Question 1197652: The growth model for a population of bacteria is given by P(t)=35e^2t where t is measured in days. How many days will it take until the number of bacteria has exceeded 17,500?
Answer by math_tutor2020(3816)   (Show Source):
You can put this solution on YOUR website!
A useful saying: "If the variable is in the trees, then log it down". By "trees", I'm referring to exponents.
We'll use logarithms to isolate the exponent in the variable, so we can isolate the variable itself.
With that in mind, we replace P(t) with 17500 and solve like so.
P(t) = 35e^(2t)
17500 = 35e^(2t)
17500/35 = e^(2t)
500 = e^(2t)
Ln(500) = Ln( e^(2t) ) ... this is where logs come in
Ln(500) = 2t*Ln(e) .... use the rule log(A^B) = B*log(A)
Ln(500) = 2t*1
2t = Ln(500)
t = Ln(500)/2
t = 3.1073040492111
It will take a little over 3 days to reach a population of 17,500 bacteria.

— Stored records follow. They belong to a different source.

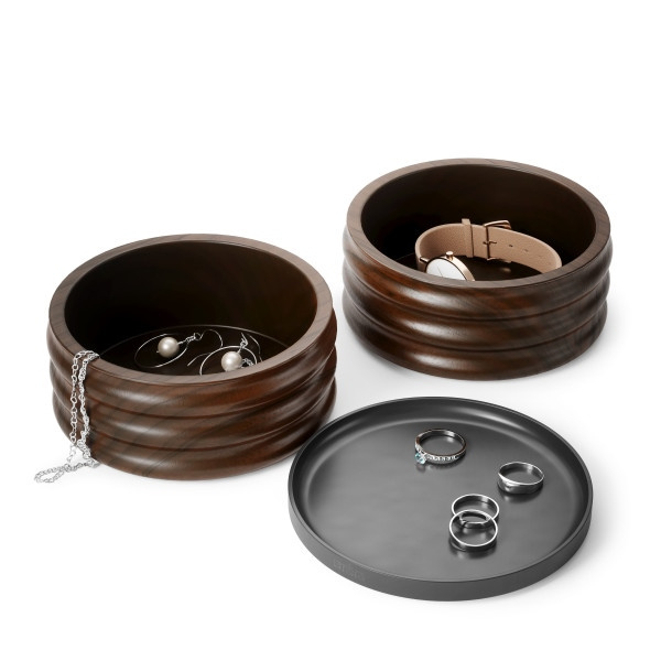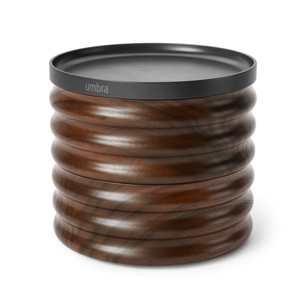 UMBRA organizer na biżuterię TESORA czarny / brązowy Stylowe i funkcjonalne rozwiązanie do przechowywania akcesoriów. Dzięki dwupoziomowej konstrukcji można je dowolnie układać w stos lub rozdzielać, dostosowując do indywidualnych potrzeb. Platerowana metalowa pokrywa pełni dodatkową funkcję – może służyć jako elegancka taca do eksponowania najczęściej noszonych ozdób. Kompaktowy rozmiar sprawia, że pudełko świetnie sprawdzi się na stoliku nocnym lub toaletce. Wykonane z naturalnego drewna, wyróżnia się unikalnym usłojeniem i fakturą, co czyni każdy egzemplarz niepowtarzalnym. Aby zachować jego piękno, wystarczy przecierać je czystą, wilgotną ściereczką. Wymiary: wys. 13 cm / szer. 13 cm / gł. 12 cm Waga brutto: 0.53 kg.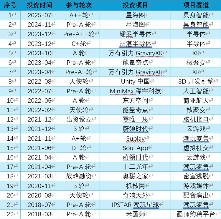 比如,具身智能公司星海图,2024年到2025年米哈游连续2次注资;2021年6月成立的国内第一家可控核聚变公司能量奇点,天使轮和Pre-A轮融资背后都有米哈游的影子;2022年,米哈游还参投了民营火箭公司东方空间的A轮融资;2021年,米哈游与上海交大的吕宝粮教授联合创立零唯一思,主攻脑机接口和情感智能技术。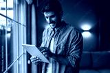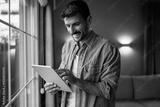 Happy man using digital tablet by window at home.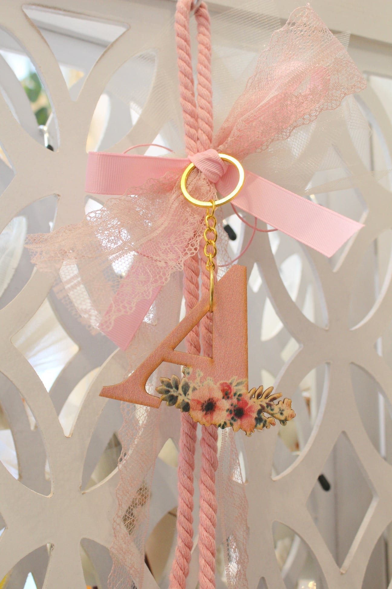 Διακοσμητική κρεμαστή μπομπονιέρα με ξύλινο μονόγραμμα με λουλούδια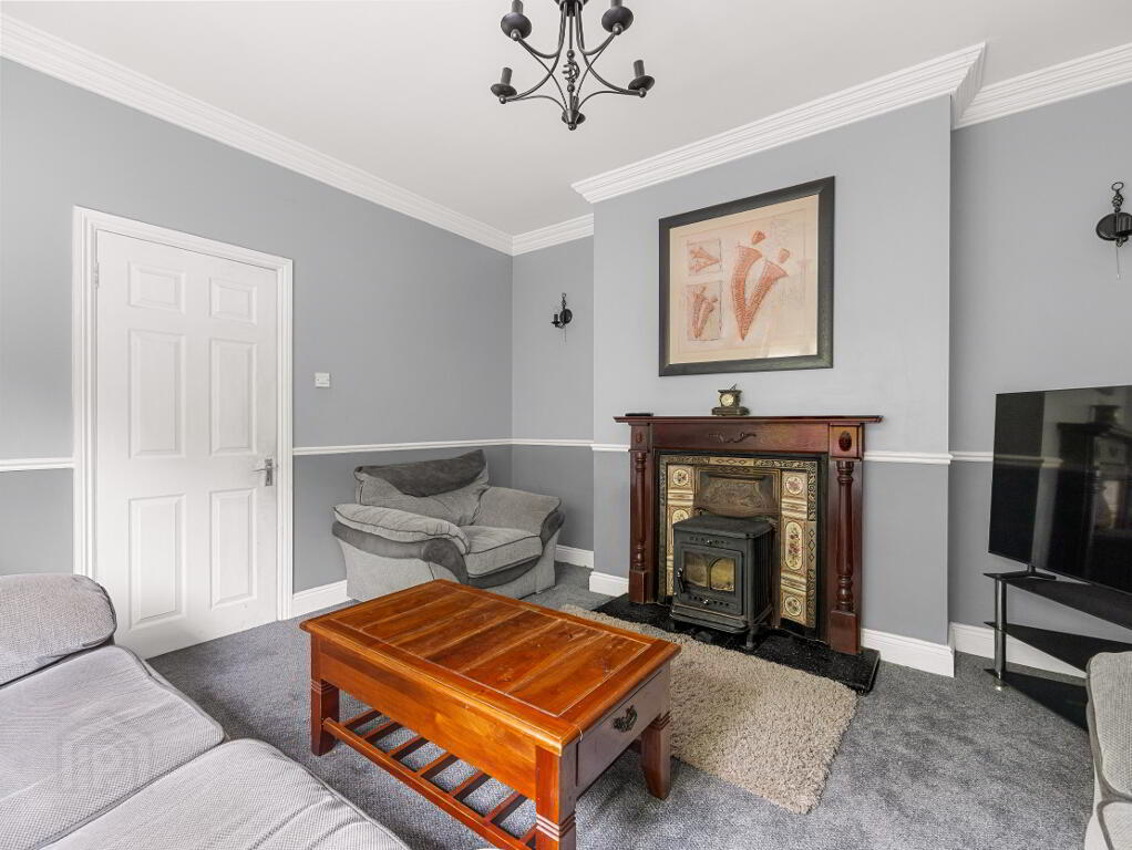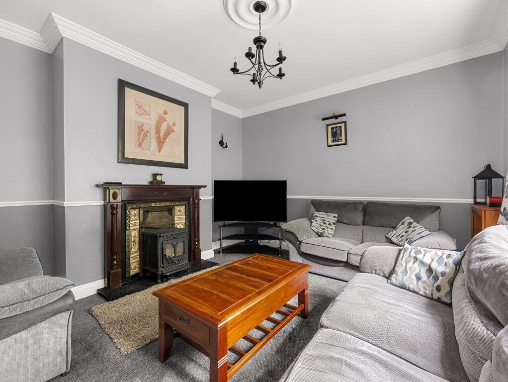 Living Room (4.2m x 3.8m) – Cast iron fireplace with timber surround, ceiling coving and centrepiece.

For day 0, aka the starting day, we have:
P(t) = 35e^(2t)
P(0) = 35e^(2*0)
P(0) = 35e^(0)
P(0) = 35*1
P(0) = 35
There are 35 bacteria at the start.
Let's see how many there are for day 1.
P(t) = 35e^(2t)
P(1) = 35e^(2*1)
P(1) = 35e^(2)
P(1) = 35*7.38905609893584
P(1) = 258.616963462754
So about 258 bacteria if we only consider whole numbers of bacteria.
Now day 3
P(t) = 35e^(2t)
P(3) = 35e^(2*3)
P(3) = 35e^(6)
P(3) = 35*403.428793493586
P(3) = 14,120.0077722756
About 14120 bacteria at this point. We're getting pretty close to the target 17,500.
Let's look at day 4
P(t) = 35e^(2t)
P(4) = 35e^(2*4)
P(4) = 35e^(8)
P(4) = 35*2980.9579870501
P(4) = 104,333.529546753
We've reached about 104333 bacteria which is definitely way over the target of 17,500.
These numeric results help show that we reach a population of 17,500 in the interval 3 < t < 4, which helps confirm the answer we reached a while back earlier.
Answer: Approximately 3.107304 days.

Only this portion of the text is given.